◆ Work to complete: A verbatim repeat of the lines below is required, with the pictures removed.

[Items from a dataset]
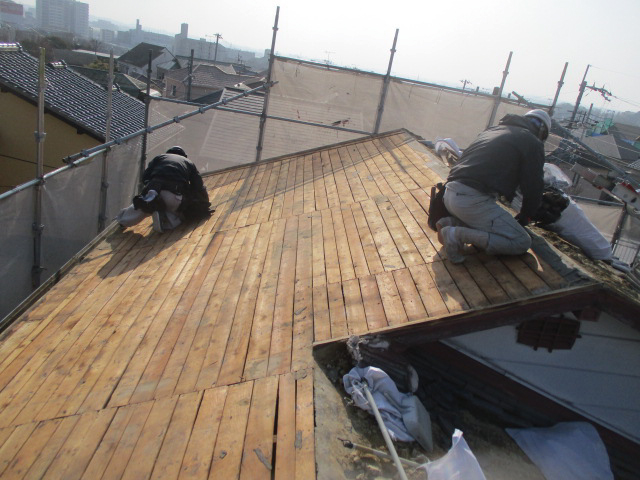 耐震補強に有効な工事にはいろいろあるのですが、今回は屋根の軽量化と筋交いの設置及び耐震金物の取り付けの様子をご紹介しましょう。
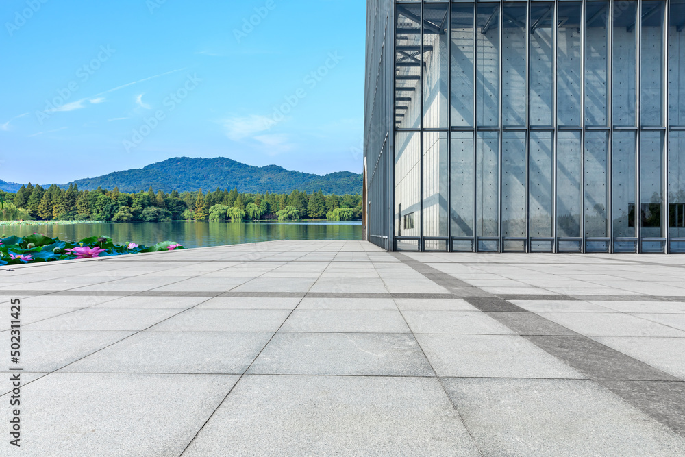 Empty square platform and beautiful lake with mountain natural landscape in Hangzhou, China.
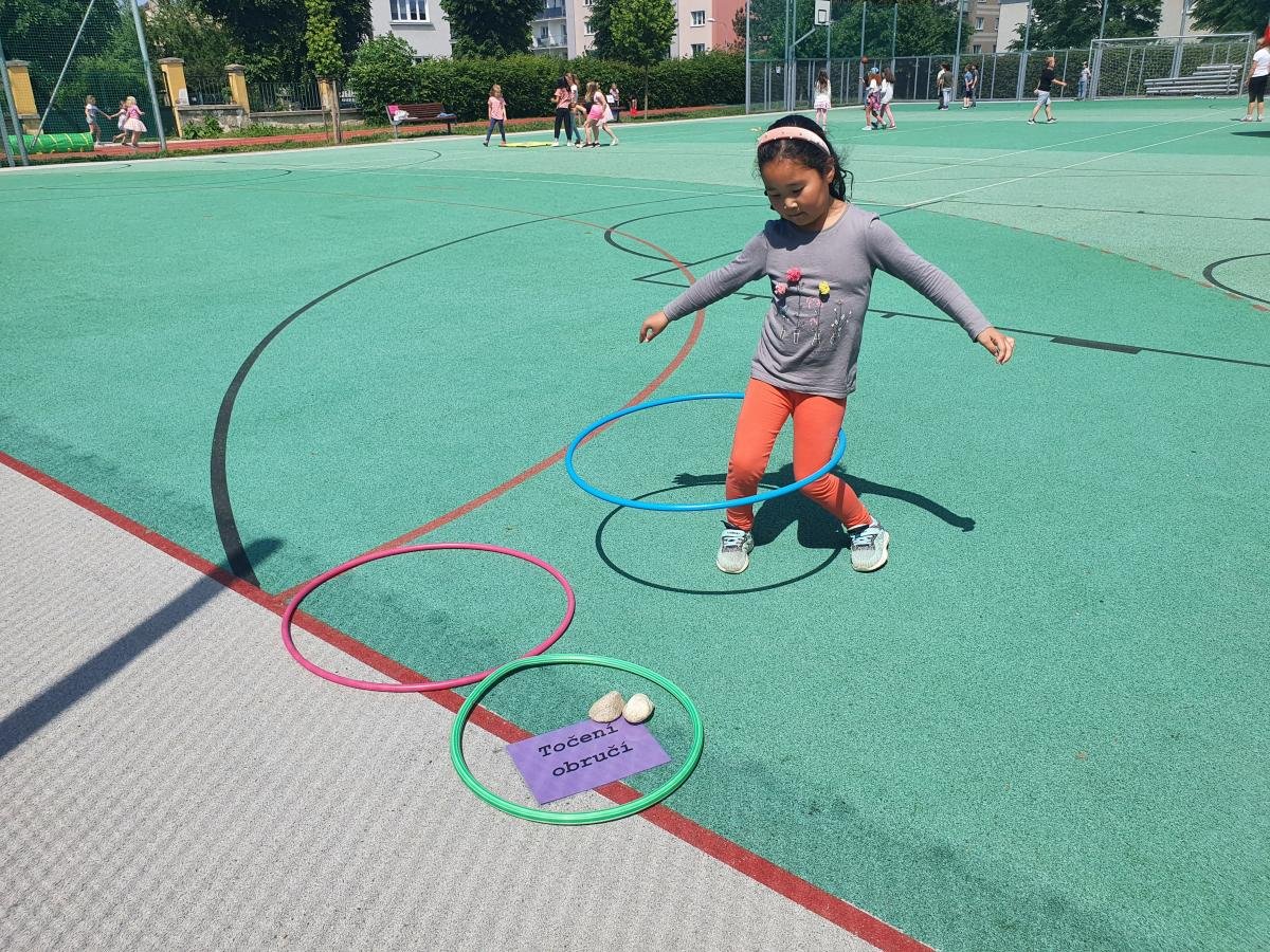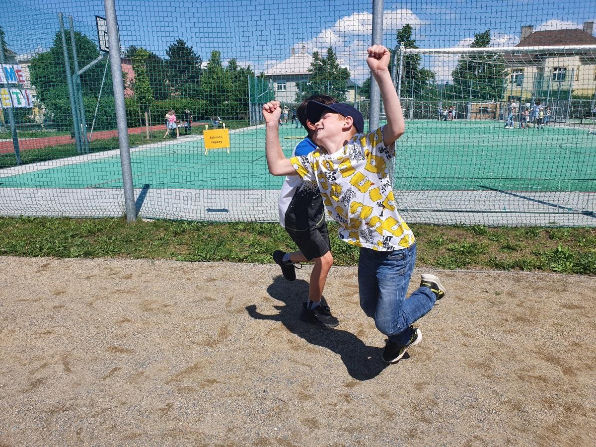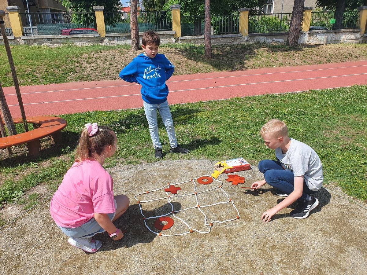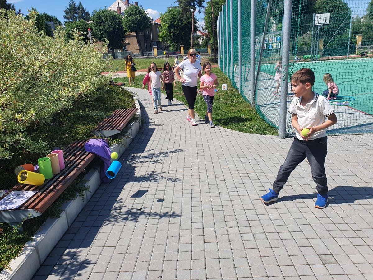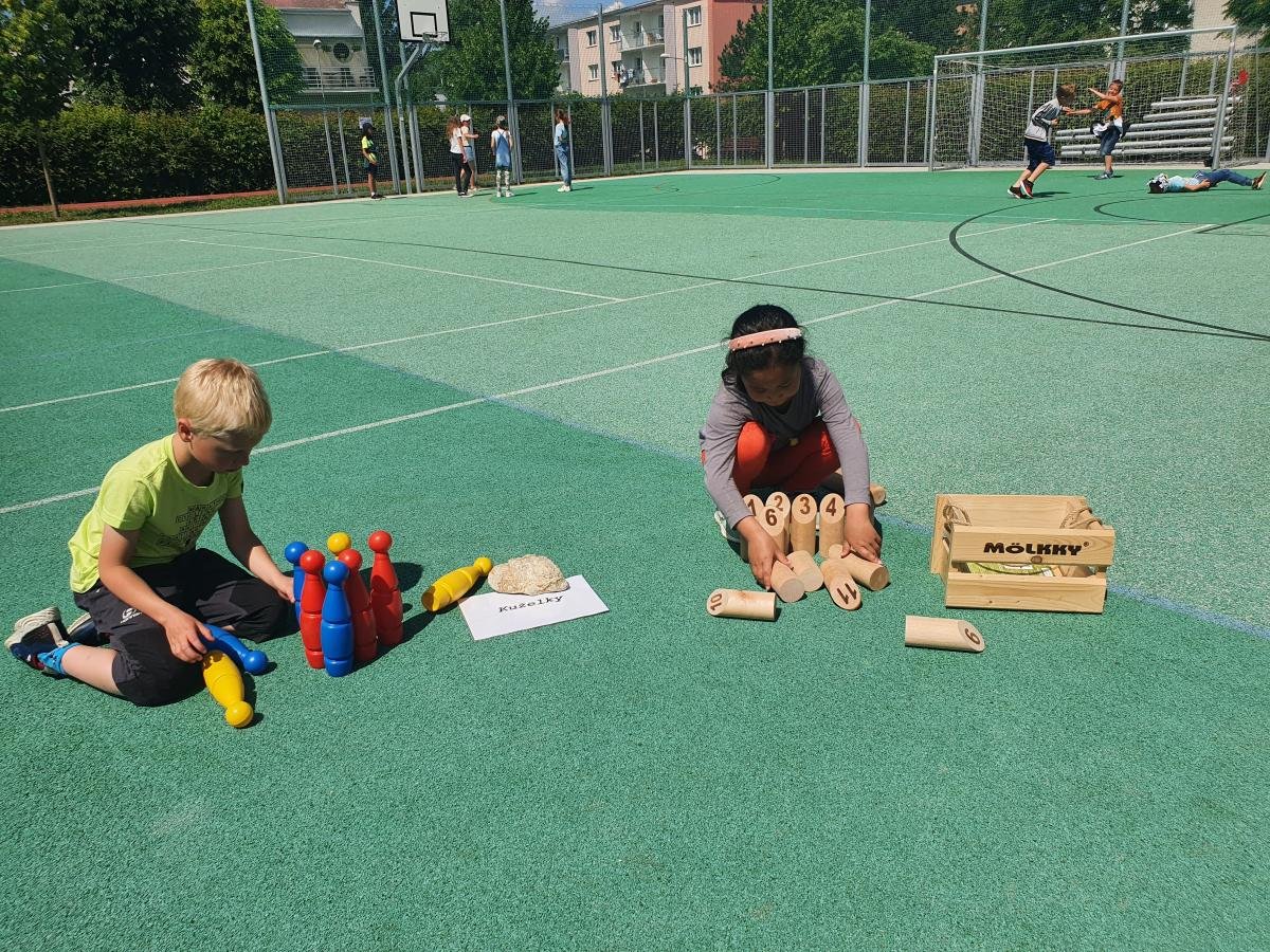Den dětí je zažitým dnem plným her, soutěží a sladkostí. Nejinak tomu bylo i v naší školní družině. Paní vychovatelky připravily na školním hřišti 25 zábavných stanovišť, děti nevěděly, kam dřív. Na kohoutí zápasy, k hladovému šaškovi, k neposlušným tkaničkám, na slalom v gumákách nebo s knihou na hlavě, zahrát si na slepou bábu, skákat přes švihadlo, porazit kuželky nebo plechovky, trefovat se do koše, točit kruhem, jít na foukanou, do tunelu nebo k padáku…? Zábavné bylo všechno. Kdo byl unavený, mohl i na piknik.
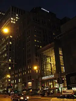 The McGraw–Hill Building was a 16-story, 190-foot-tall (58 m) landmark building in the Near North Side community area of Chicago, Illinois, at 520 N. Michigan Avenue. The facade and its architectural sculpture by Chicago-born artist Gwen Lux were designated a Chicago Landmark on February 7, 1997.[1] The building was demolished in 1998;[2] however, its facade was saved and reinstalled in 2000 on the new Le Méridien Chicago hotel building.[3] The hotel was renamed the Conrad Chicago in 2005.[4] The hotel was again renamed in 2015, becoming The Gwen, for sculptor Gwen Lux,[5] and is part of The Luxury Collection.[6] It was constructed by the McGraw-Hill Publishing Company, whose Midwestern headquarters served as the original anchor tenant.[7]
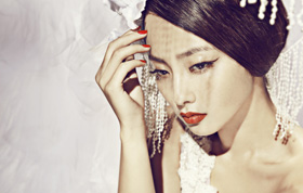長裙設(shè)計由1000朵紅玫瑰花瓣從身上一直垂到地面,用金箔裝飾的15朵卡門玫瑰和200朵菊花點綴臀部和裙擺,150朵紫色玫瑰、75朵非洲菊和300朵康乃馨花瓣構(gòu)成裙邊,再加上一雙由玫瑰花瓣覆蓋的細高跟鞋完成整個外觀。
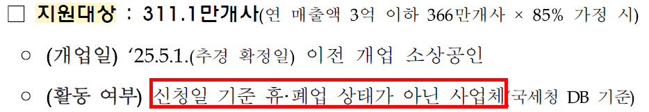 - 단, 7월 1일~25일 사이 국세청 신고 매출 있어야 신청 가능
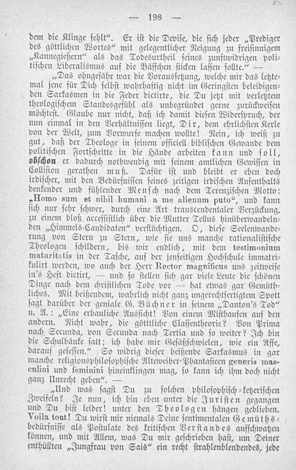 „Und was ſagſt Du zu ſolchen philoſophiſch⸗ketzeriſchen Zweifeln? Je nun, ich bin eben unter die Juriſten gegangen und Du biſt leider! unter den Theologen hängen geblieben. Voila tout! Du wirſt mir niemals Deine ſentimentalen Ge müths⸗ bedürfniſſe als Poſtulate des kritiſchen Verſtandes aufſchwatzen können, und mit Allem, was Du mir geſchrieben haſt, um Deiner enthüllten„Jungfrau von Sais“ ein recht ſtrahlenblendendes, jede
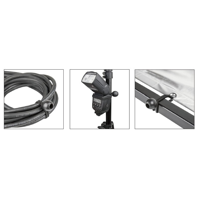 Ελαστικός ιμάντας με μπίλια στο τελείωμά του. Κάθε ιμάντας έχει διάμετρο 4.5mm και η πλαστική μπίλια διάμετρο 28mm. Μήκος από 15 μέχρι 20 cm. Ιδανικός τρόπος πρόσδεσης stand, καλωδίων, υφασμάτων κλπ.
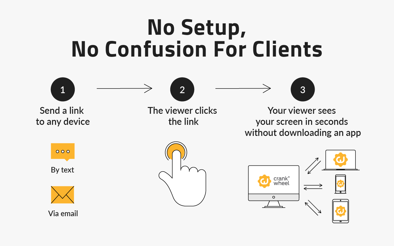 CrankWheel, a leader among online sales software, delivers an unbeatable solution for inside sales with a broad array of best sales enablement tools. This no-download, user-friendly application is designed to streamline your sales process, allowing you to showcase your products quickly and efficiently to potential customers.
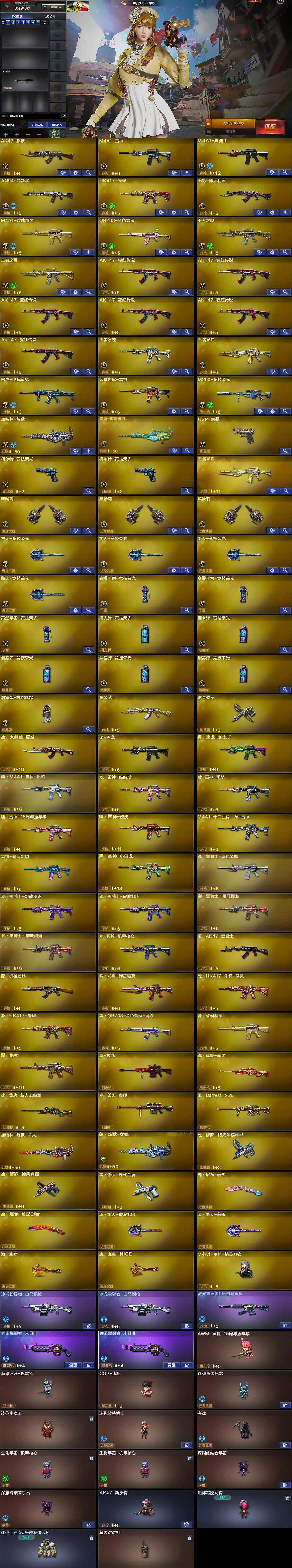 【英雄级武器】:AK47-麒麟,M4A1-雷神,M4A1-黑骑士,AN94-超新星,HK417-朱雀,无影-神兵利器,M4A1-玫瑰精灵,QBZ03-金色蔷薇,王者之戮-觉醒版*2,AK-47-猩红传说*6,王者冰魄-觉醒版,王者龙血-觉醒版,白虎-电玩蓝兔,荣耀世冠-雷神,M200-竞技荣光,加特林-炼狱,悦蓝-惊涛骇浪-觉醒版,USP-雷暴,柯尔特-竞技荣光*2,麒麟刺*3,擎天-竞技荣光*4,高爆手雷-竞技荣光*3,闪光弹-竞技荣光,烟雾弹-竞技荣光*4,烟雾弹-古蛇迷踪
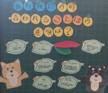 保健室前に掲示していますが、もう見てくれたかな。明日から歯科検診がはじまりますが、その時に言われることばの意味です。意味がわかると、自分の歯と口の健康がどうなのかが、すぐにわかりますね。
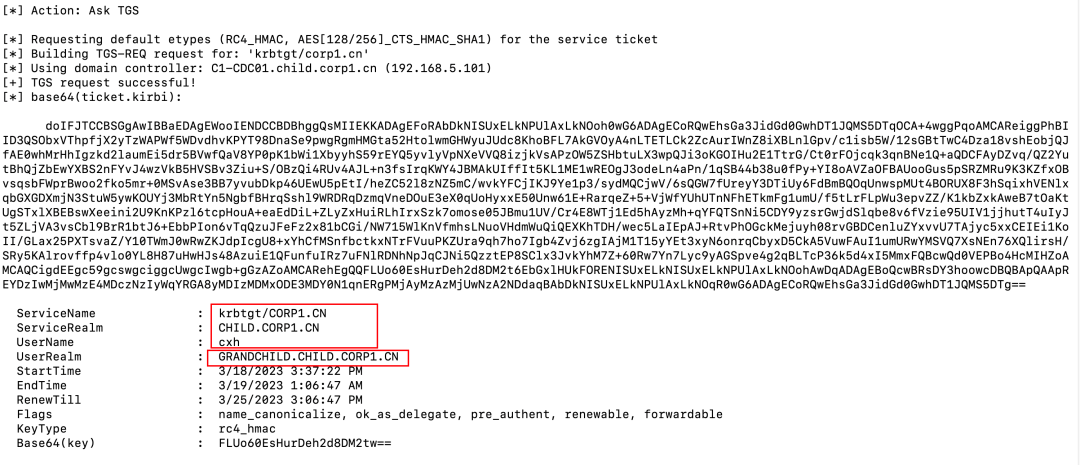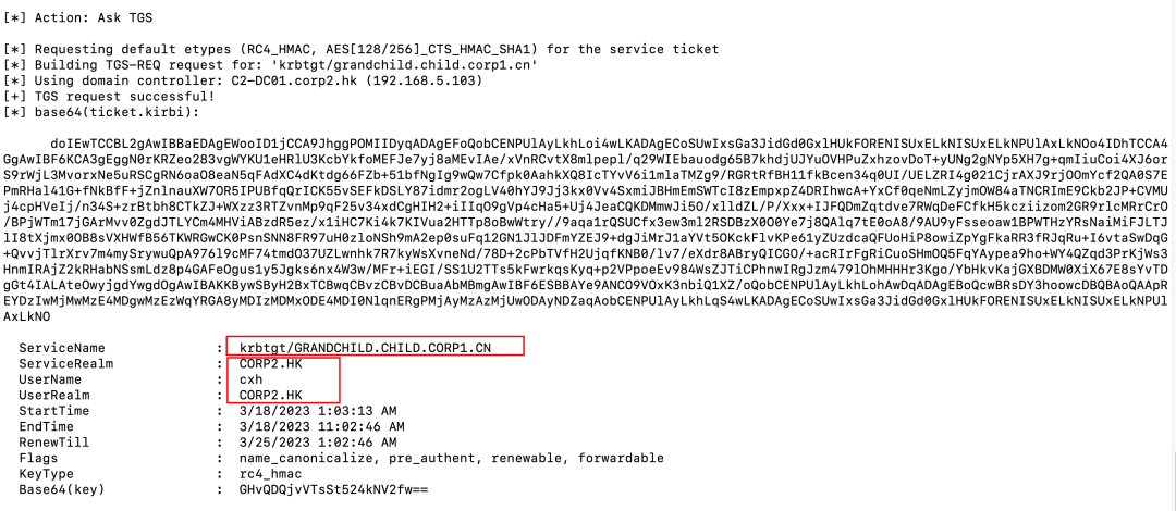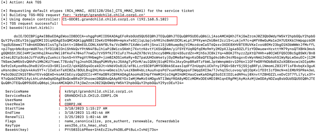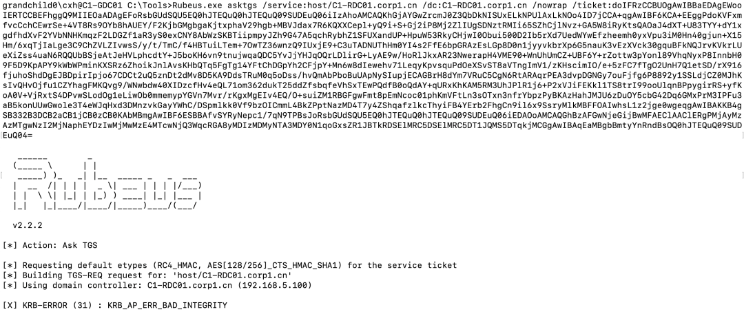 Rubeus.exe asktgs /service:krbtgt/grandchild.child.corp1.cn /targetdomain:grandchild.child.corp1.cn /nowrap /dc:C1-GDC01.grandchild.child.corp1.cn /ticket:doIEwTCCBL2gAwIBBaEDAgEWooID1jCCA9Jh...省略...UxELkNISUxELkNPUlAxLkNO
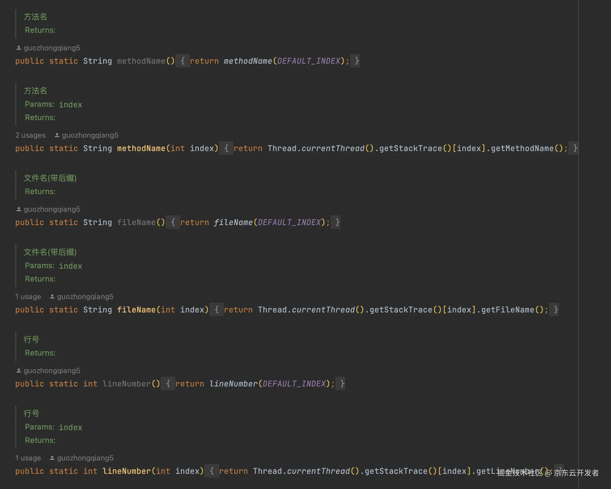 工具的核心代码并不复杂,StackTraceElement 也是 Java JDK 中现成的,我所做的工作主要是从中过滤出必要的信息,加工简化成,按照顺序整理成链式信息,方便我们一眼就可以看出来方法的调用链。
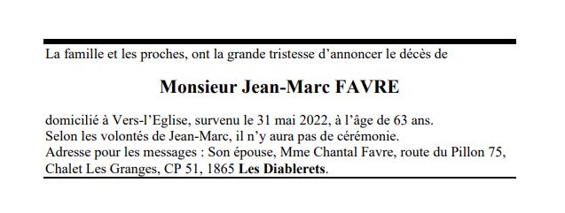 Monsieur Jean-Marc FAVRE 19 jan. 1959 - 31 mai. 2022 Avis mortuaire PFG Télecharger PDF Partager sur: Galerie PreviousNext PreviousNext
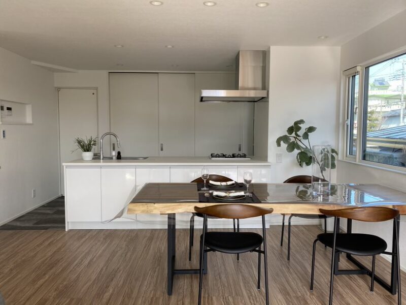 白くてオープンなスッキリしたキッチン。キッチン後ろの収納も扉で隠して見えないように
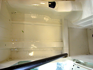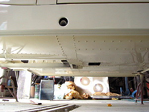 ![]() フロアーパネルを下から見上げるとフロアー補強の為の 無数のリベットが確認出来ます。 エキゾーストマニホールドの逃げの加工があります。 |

◆ Answer to the problem:
 耐震補強に有効な工事にはいろいろあるのですが、今回は屋根の軽量化と筋交いの設置及び耐震金物の取り付けの様子をご紹介しましょう。
 Empty square platform and beautiful lake with mountain natural landscape in Hangzhou, China.
Den dětí je zažitým dnem plným her, soutěží a sladkostí. Nejinak tomu bylo i v naší školní družině. Paní vychovatelky připravily na školním hřišti 25 zábavných stanovišť, děti nevěděly, kam dřív. Na kohoutí zápasy, k hladovému šaškovi, k neposlušným tkaničkám, na slalom v gumákách nebo s knihou na hlavě, zahrát si na slepou bábu, skákat přes švihadlo, porazit kuželky nebo plechovky, trefovat se do koše, točit kruhem, jít na foukanou, do tunelu nebo k padáku…? Zábavné bylo všechno. Kdo byl unavený, mohl i na piknik.
 The McGraw–Hill Building was a 16-story, 190-foot-tall (58 m) landmark building in the Near North Side community area of Chicago, Illinois, at 520 N. Michigan Avenue. The facade and its architectural sculpture by Chicago-born artist Gwen Lux were designated a Chicago Landmark on February 7, 1997.[1] The building was demolished in 1998;[2] however, its facade was saved and reinstalled in 2000 on the new Le Méridien Chicago hotel building.[3] The hotel was renamed the Conrad Chicago in 2005.[4] The hotel was again renamed in 2015, becoming The Gwen, for sculptor Gwen Lux,[5] and is part of The Luxury Collection.[6] It was constructed by the McGraw-Hill Publishing Company, whose Midwestern headquarters served as the original anchor tenant.[7]
長裙設(shè)計由1000朵紅玫瑰花瓣從身上一直垂到地面,用金箔裝飾的15朵卡門玫瑰和200朵菊花點綴臀部和裙擺,150朵紫色玫瑰、75朵非洲菊和300朵康乃馨花瓣構(gòu)成裙邊,再加上一雙由玫瑰花瓣覆蓋的細高跟鞋完成整個外觀。
 - 단, 7월 1일~25일 사이 국세청 신고 매출 있어야 신청 가능
 „Und was ſagſt Du zu ſolchen philoſophiſch⸗ketzeriſchen Zweifeln? Je nun, ich bin eben unter die Juriſten gegangen und Du biſt leider! unter den Theologen hängen geblieben. Voila tout! Du wirſt mir niemals Deine ſentimentalen Ge müths⸗ bedürfniſſe als Poſtulate des kritiſchen Verſtandes aufſchwatzen können, und mit Allem, was Du mir geſchrieben haſt, um Deiner enthüllten„Jungfrau von Sais“ ein recht ſtrahlenblendendes, jede
 Ελαστικός ιμάντας με μπίλια στο τελείωμά του. Κάθε ιμάντας έχει διάμετρο 4.5mm και η πλαστική μπίλια διάμετρο 28mm. Μήκος από 15 μέχρι 20 cm. Ιδανικός τρόπος πρόσδεσης stand, καλωδίων, υφασμάτων κλπ.
 CrankWheel, a leader among online sales software, delivers an unbeatable solution for inside sales with a broad array of best sales enablement tools. This no-download, user-friendly application is designed to streamline your sales process, allowing you to showcase your products quickly and efficiently to potential customers.
 【英雄级武器】:AK47-麒麟,M4A1-雷神,M4A1-黑骑士,AN94-超新星,HK417-朱雀,无影-神兵利器,M4A1-玫瑰精灵,QBZ03-金色蔷薇,王者之戮-觉醒版*2,AK-47-猩红传说*6,王者冰魄-觉醒版,王者龙血-觉醒版,白虎-电玩蓝兔,荣耀世冠-雷神,M200-竞技荣光,加特林-炼狱,悦蓝-惊涛骇浪-觉醒版,USP-雷暴,柯尔特-竞技荣光*2,麒麟刺*3,擎天-竞技荣光*4,高爆手雷-竞技荣光*3,闪光弹-竞技荣光,烟雾弹-竞技荣光*4,烟雾弹-古蛇迷踪
 保健室前に掲示していますが、もう見てくれたかな。明日から歯科検診がはじまりますが、その時に言われることばの意味です。意味がわかると、自分の歯と口の健康がどうなのかが、すぐにわかりますね。
 Rubeus.exe asktgs /service:krbtgt/grandchild.child.corp1.cn /targetdomain:grandchild.child.corp1.cn /nowrap /dc:C1-GDC01.grandchild.child.corp1.cn /ticket:doIEwTCCBL2gAwIBBaEDAgEWooID1jCCA9Jh...省略...UxELkNISUxELkNPUlAxLkNO
 工具的核心代码并不复杂,StackTraceElement 也是 Java JDK 中现成的,我所做的工作主要是从中过滤出必要的信息,加工简化成,按照顺序整理成链式信息,方便我们一眼就可以看出来方法的调用链。
 Monsieur Jean-Marc FAVRE 19 jan. 1959 - 31 mai. 2022 Avis mortuaire PFG Télecharger PDF Partager sur: Galerie PreviousNext PreviousNext
 白くてオープンなスッキリしたキッチン。キッチン後ろの収納も扉で隠して見えないように
 ![]() フロアーパネルを下から見上げるとフロアー補強の為の 無数のリベットが確認出来ます。 エキゾーストマニホールドの逃げの加工があります。 |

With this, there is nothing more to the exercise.